For me, it is clear that ‘software engineering’ is still more of an aspiration than a reality. It does exist and is done well in those companies with CMM 3 and above ratings, typically real time control, air traffic control and military applications. Otherwise, most of what happens is something else.
The modern notions of agile programming, extreme programming and the general modus operandi of the open source movement are in my view partly recapitulations of things real software engineers knew 20 years earlier (e.g. test driven design: we were doing it in 1988, based on IEEE specifications and fully version controlled code), and partly real innovation in the sense of being able to organise armies of people who have never met to create large frameworks quickly.
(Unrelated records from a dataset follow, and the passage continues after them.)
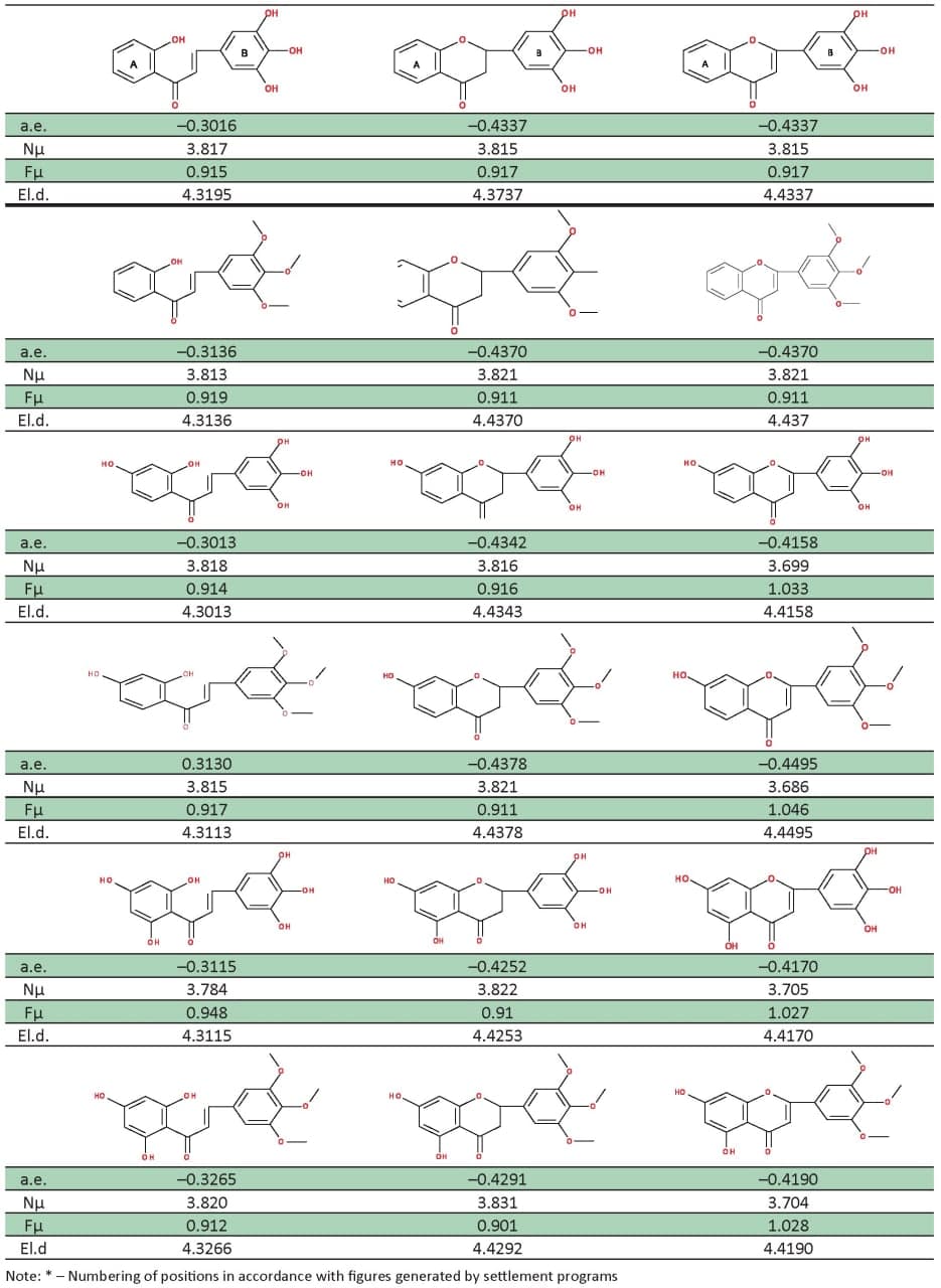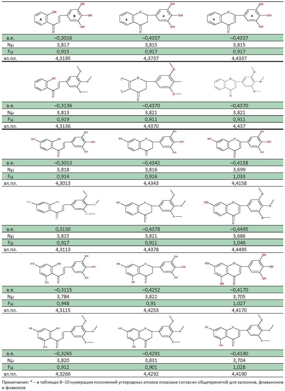 В таблице 3 приведены значения Nµ и Fµ для анализируемых флаванонов. Сравнивая их с аналогичными характеристиками для халконов (табл. 2), можно заметить, что у флаванонов связевые числа и, соответственно, индексы свободной валентности принципиально не отличаются от таковых халконов.
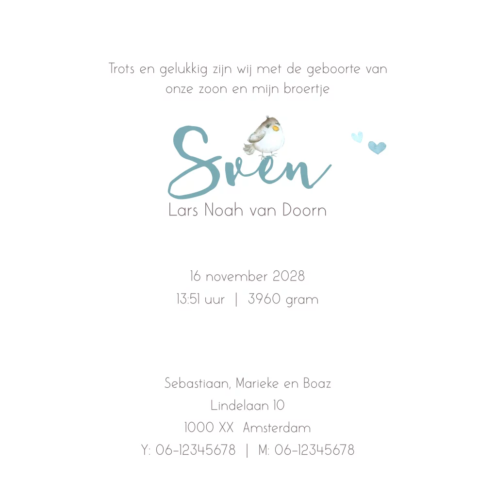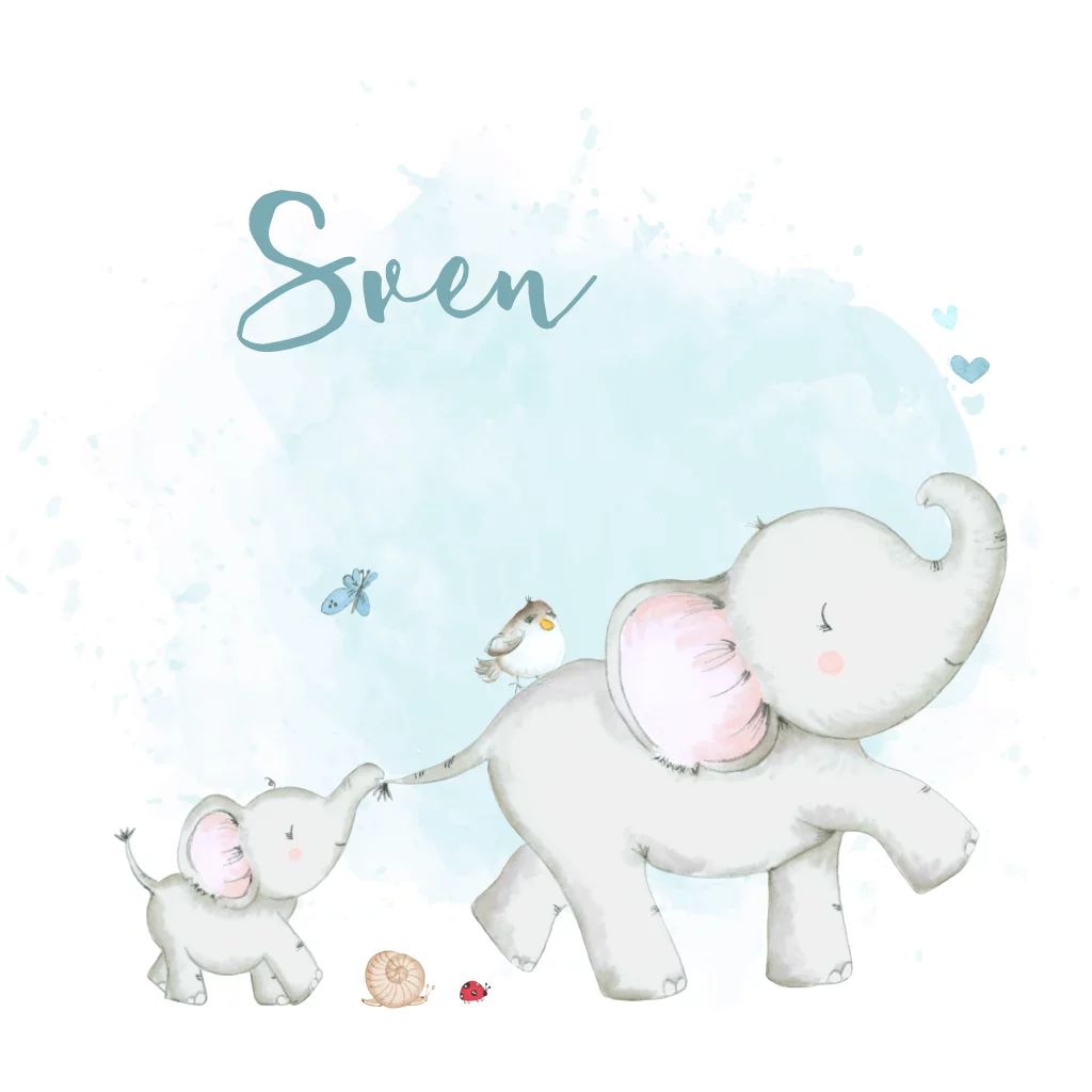 Geboortekaart voor de geboorte van een zoon met een baby olifantje achter een grotere olifant met een vlinder, vogel, lieveheersbeestje, slak, kleine blauwe hartjes en blauwe watercolor in de achtergrond. (24016)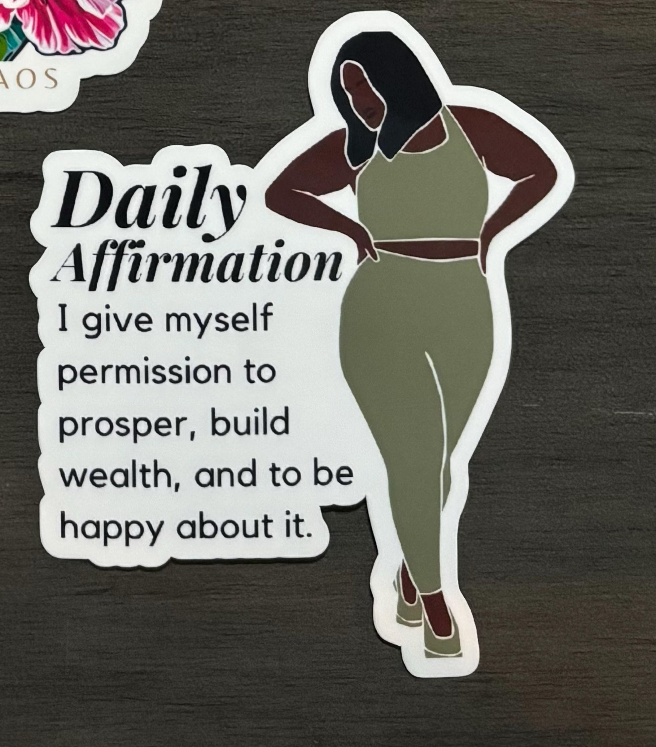 Words from the sticker: "Daily Affirmation: I give myself permission to prosper, build wealth, and to be happy about it."

I suspect that the coding efficiency by these methods is not that high (i.e. low work / output ratio), but the quality and reliability of things like Apache and Linux cannot be argued with. On the other hand, the use of a language like Java in routine software development felt like a backward step when it came out 15 years ago, and it feels even worse today, compared with what is available (in my own company, developers continually trip up over the appalling implementation of generic types, the poor type system and lack of proper contracts). Offerings like Heroku show that today’s developers don’t need great languages to think (very) big.
My main observation is that a majority of developers still don’t want to do much ‘design’ because that involves thinking, may even involve mathematics, and worse, being away from the computer! This is not specific to people working in computing – it is a universal failing – many engineers would get away with such laziness if they could, but they can’t, for a simple reason: the delivered system will be made of poured concrete and steel, it will cost millions, and getting it wrong will kill the company. Saving software engineering in my view cannot be done by trying endlessly to convince developers about the ‘right way to do things’ and how it will save time in the long run. That has failed for the last 40 years – the only ones who really do it properly are those for whom failure has similar consequences as in civil or mechanical engineering (i.e. producers of real-time software that controls trains, power stations etc). The only answer is to start making software vendors legally liable for their products (and their failures) in the same way as companies who produce cars and mobile phones are: we need warranties on software.
Proceedings of the symposium are published by Springer, edited by Sebastian Nanz (ETH) who also very ably organised the conference.